Respondent originally filed a supplement to its Motion for Reconsideration asking for an order limiting the effect of the mail stop order to 60 days from the date of the final order. It alleged that except for a small quantity for sale to distributors and retailers, not involved with the representations found to be false, it is no longer selling the product in question. Complainant's Response filed on January 23, 1975, indicates it will not oppose such a motion upon the filing of an affidavit personally signed by Respondent that the representations complained of have not been used for a three-month period and verification through the Santa Monica postmaster that no orders are being received; and further upon agreement that the order could be reimposed upon an ex parte showing by Complainant of a resumption of the challenged representations by Respondent. Respondent's request, in specifying a 60-day period, recognized the need for some passage of time to reasonably eliminate delivery of mail connected with the advertisements in question. In a motion filed on January 29, 1975, Respondent withdrew its earlier suggestion of a 60-day period prior to vacation of the detention order and asked for an "immediate vacation, or in the alternative, for a termination of detention on March 1, 1975". Respondent alleges its good intentions and further alleges that it has ceased using representations found to be false and that it does not intend to sell the product in question in the future. It also alleges:

"3. The Postal Service cannot detain and interfere with Respondent's mail in perpetuity. The orders of the said cream have ceased for all practical purposes. There may be a few re-orders but there possibly could be re-orders a year from now because, whether the Postal Service agrees or not, the consumers have found the said cream to be beneficial." (Par. 3, Respondent's Supplemental Motion filed January 29, 1975)

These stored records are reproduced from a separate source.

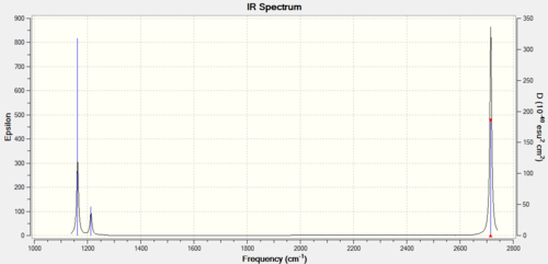 The frequency calculation performed by Gaussian also allows Gaussview to display a prediction for the IR spectrum of BH3, such spectrum can be seen in Figure 8.
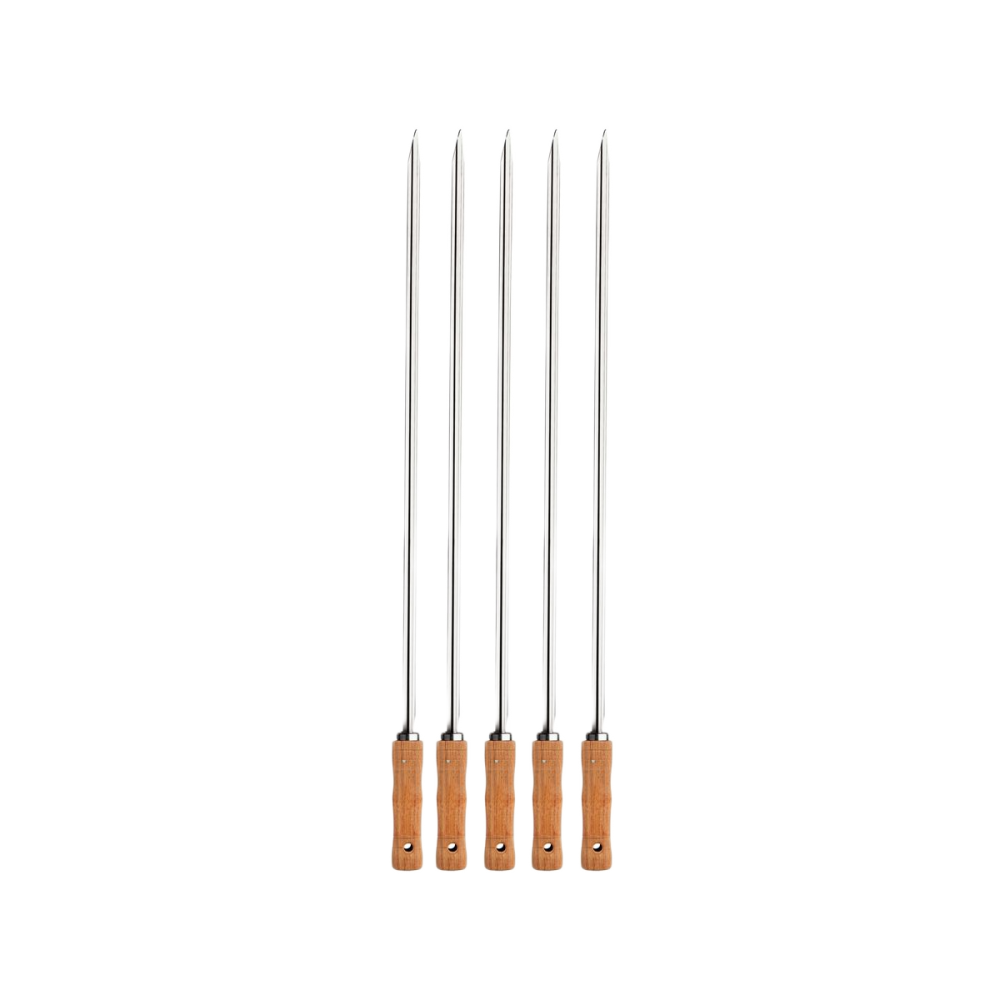 Dankzij het doordachte ontwerp plaats je de spiesen makkelijk in houder en roteer je de spiesen eenvoudig voor een gelijkmatige garing. De spiezen zijn gemaakt van hoogwaardig roestvrij staal en houten handvat en staan garant voor jarenlang braaiplezier.
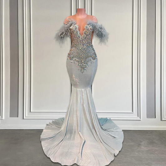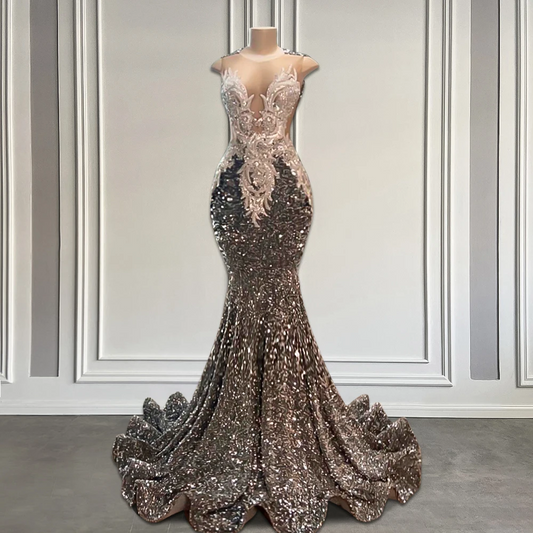 Long Silver Fitted Prom Gowns For Black Girls Luxury Crystal Beaded Mermaid Sparkly Sequin Prom Dresses

If such is the case, then the order should have little practical effect on the Respondent's future receipt of mail except in isolated instances and a procedure substantially in accordance with that suggested by Complainant for suspension of the order should present no difficulty. Absent such agreement of the parties, a suspension of the order will be dependent upon a showing that the order has completely served its purpose and that the protection to the public afforded thereby should be dispensed with under the circumstances. To order such a suspension at this point of time in this case would be premature.

In view of the above, the Motion for Reconsideration is denied. Supplement A to Order No. 74-88 is dissolved and Order No. 74-88, dated December 20, 1974, is hereby placed into full effect except as modified on page 2 hereof.